Replies to post #180759 on Anavex Life Sciences Corp (AVXL)

[georgejjl]

The ANAVEX 2-73 trials are proceeding as planned

ANAVEX®2-73 Program Update:

Since enrollment started on October 30, 2018 for the Phase 2 ANAVEX®2-73 Parkinson’s disease dementia (PDD) study[1], over one-third of the total patient enrollment target has been achieved to date.

Enrollment for the Phase 2b/3 ANAVEX®2-73 Alzheimer’s disease (AD) study[2] is proceeding as planned with over 80 patients screened to date.

Successfully submitted Phase 2 ANAVEX®2-73 Rett syndrome (RTT) study[3] to respective United States Institutional Review Boards (IRB) of the first three clinical trial sites.

https://www.anavex.com/anavex-life-sciences-reports-fiscal-2019-first-quarter-financial-results-and-provides-clinical-study-updates/

Good luck and GOD bless,

[BAR123]

George where did you get the updated pipeline chart. When I open up the chart on their website it is the older one. Thanks.

[Investor2014]

Indeed from the 10-Q! The pipeline arrow for FTD using A3-71 is now shaded into Phase 1, which it was not in the October 2018 pipeline chart.

The 10-Q states "approximately $0.9 million was spent on preclinical development activities for ANAVEX®2-73 and ANAVEX®3-71.". I expect that news of the A3-71 P1 trial in FTD will be out soon, an indication for which Anavex have Orphan Drug Designation too. Missling eluded to new indications during 2019 in the December CC.

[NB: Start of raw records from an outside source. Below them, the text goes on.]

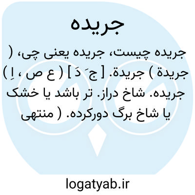 ۱- ( اسم ) دفتر جرید. اعمال. ۲- روزنامه. ۳- شاخ. نخل. ۴- شاخ. بی برگ. ۵- جماعتی از سواران بدون پیاده. جمع: جرائد ( جراید ). ۶- ( صفت ) تنها مجرد: ( ( جریده رو که گذرگاه عافیت تنگست. ) )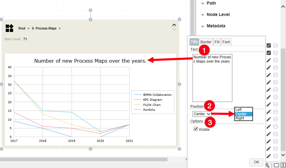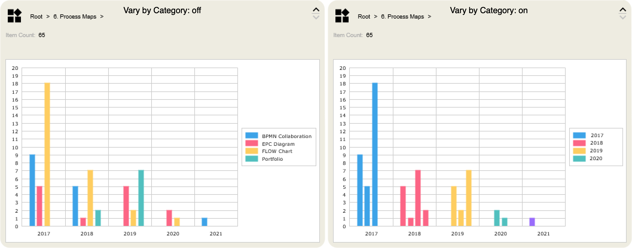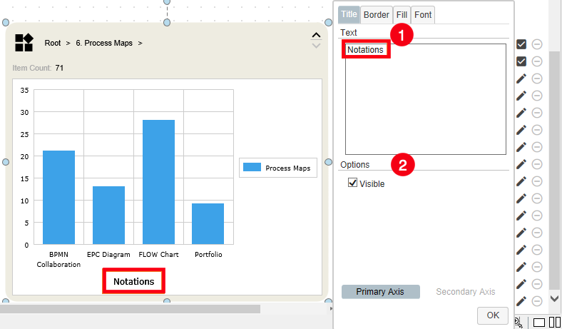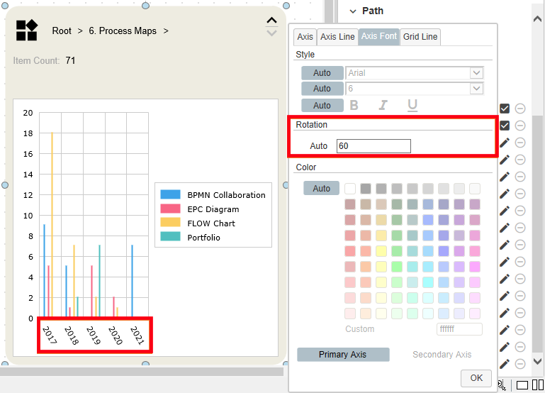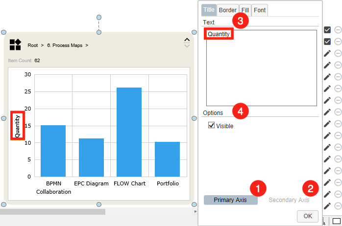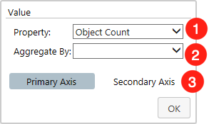 This section is about the configuration of the vertical axes. By default, the number of elements (Item Count) is mapped here. If you have created a secondary Value Axis (see the Data Series section at the end of this article to learn how this works), you can specify here whether the changes should apply to the primary or secondary axis.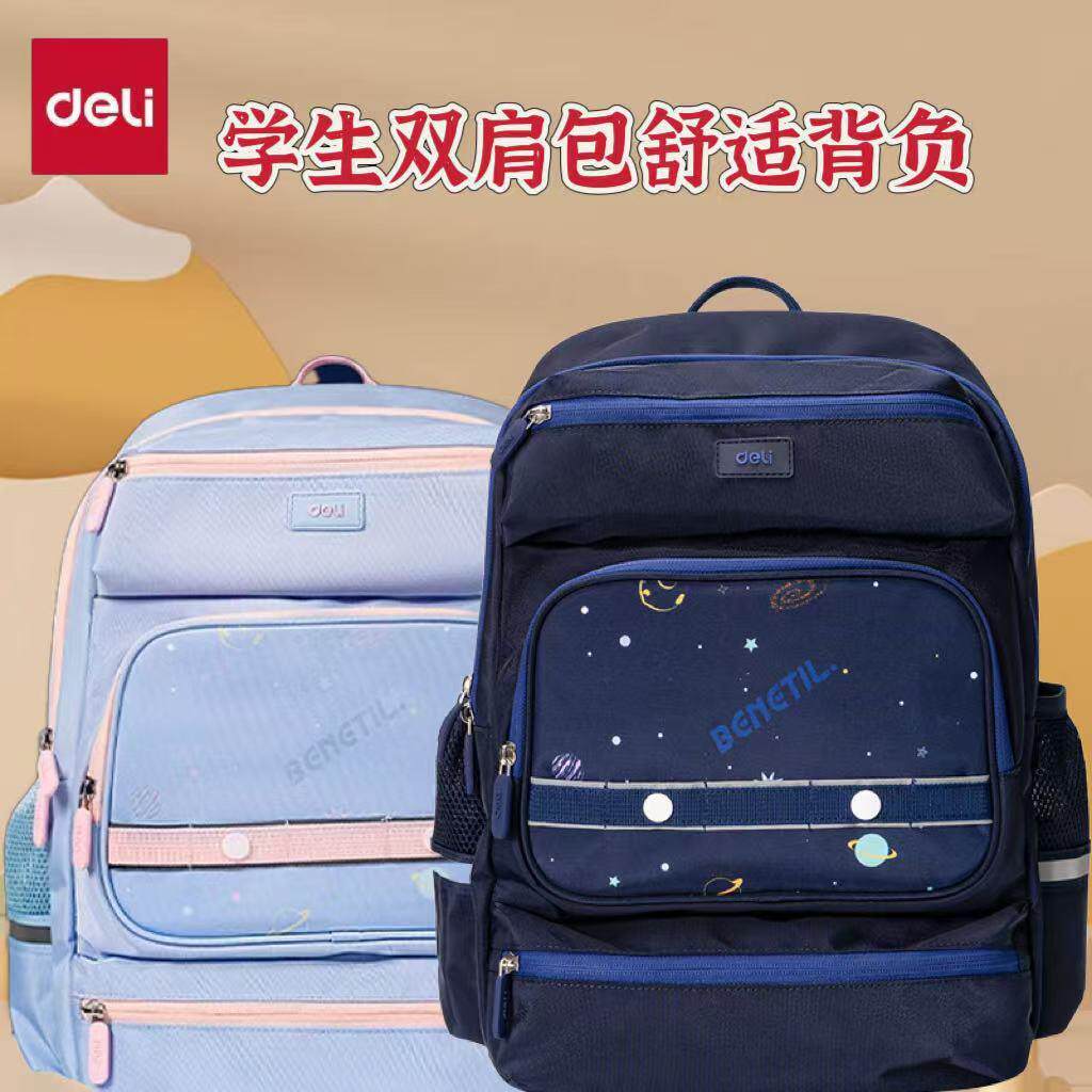 得力学生3-6年级书包男女孩休闲轻便儿童大容量学校双肩背包BB166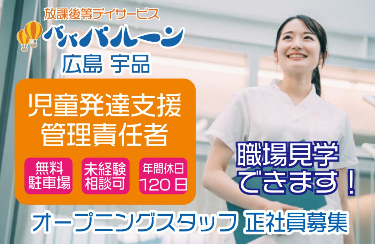 放課後等デイサービス バババルーン広島宇品 月給230,000~308,000 正社員 広島県広島市南区 求人情報を見る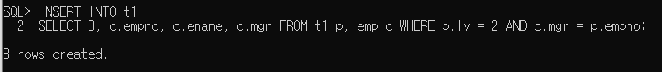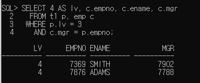 CONNECT BY 절로 임시 테이블에 저장된 3단계 결과와 emp 테이블을 조인한다.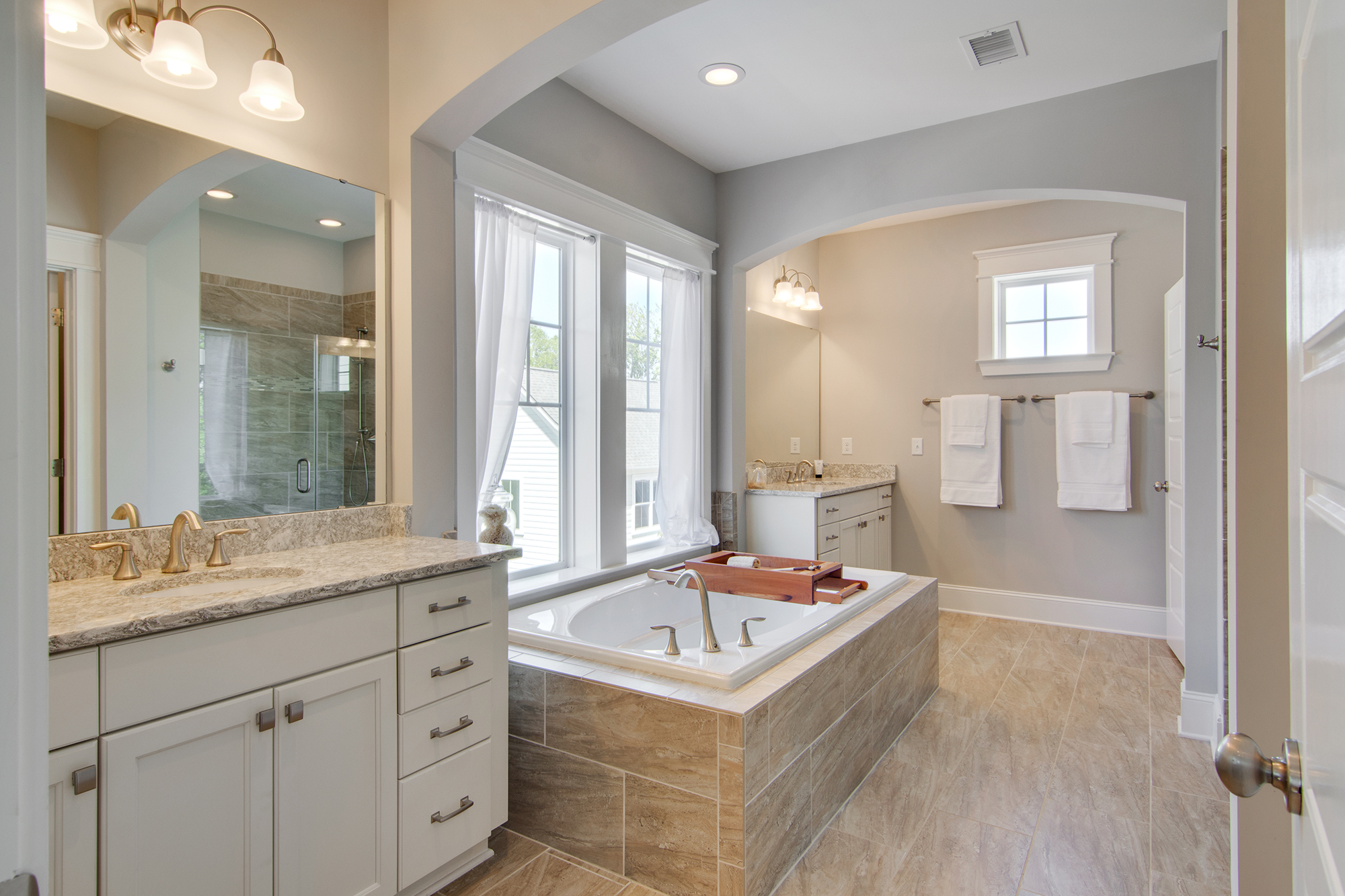 The divine master suite includes a stylish bath suite with a spa-worthy tub, separate glass shower, efficient (and almost silent) bathroom fans, and huge custom closet by A Closet Case.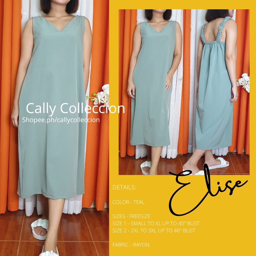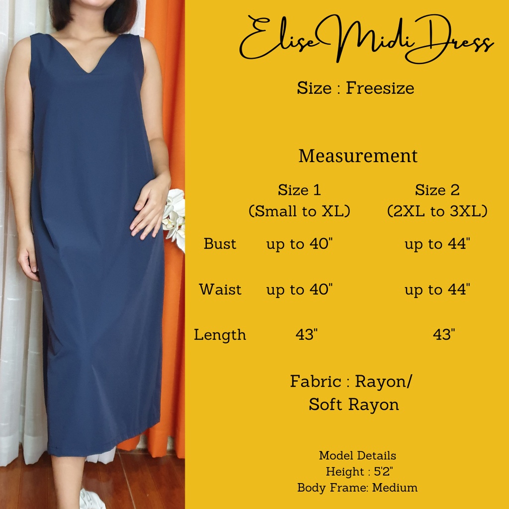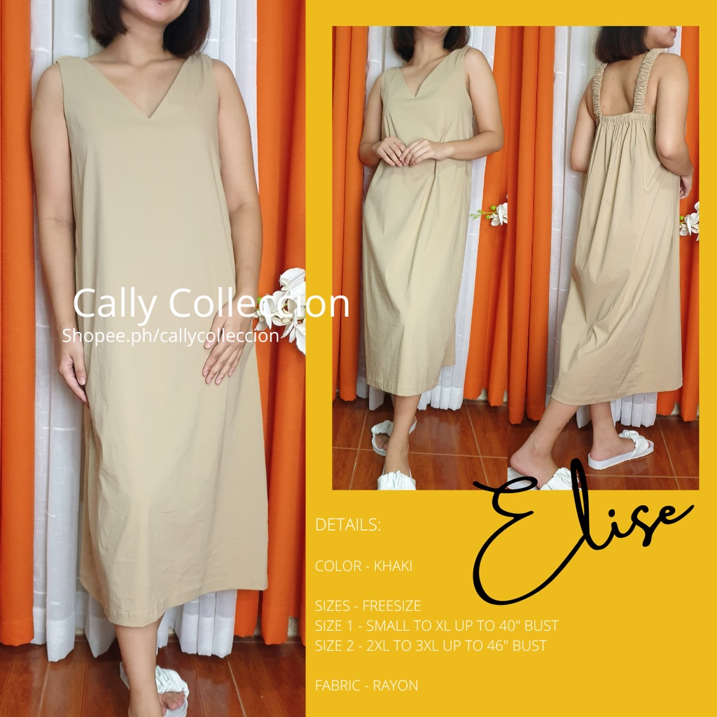 CALLY - ELISE Dress for Women Tunic Midi Dress Garterized Back up to Plus Size

"Also, included are non-recurring costs of approximately $1.0 million associated with large-scale manufacturing of ANAVEX®2-73 in quantities reserved for potential future commercial use. As the Company has previously produced sufficient batches of ANAVEX®2-73 for existing clinical studies, it is not expected that the Company will be required to incur additional significant manufacturing costs throughout the remainder of fiscal 2019."

I am not sure how much we should read into the quantities for future commercial use. PDD could perhaps achieve accelerated approval in Europe on clear positive results in the P2 study.

Under the PRIME scheme launched in March 2016, it is now possible for applicants to receive confirmation during the clinical development phase that their medicine might potentially be eligible for accelerated assessment.

Accelerated assessment

Missling's answer regarding the analyst question on the PDD rate of enrollment seemed to me to point to rapid completion of enrollment given we are already at over 33% starting from only a few initial trial sites and have had a full house of 20 active sites since early January. Probably June/July.

Also Missling said to expect further detail at the Bio Investor Conference 11th Feb - the sort of place where the upper echelon of bio-checkers can no doubt be found. My guess announcement of P1 trial with A3-71 in FTD and some detail around ongoing trials.

[Bourbon_on_my_cornflakes]

I would expect Fragile X, Angelmans and infatile spasms trials go directly to P2?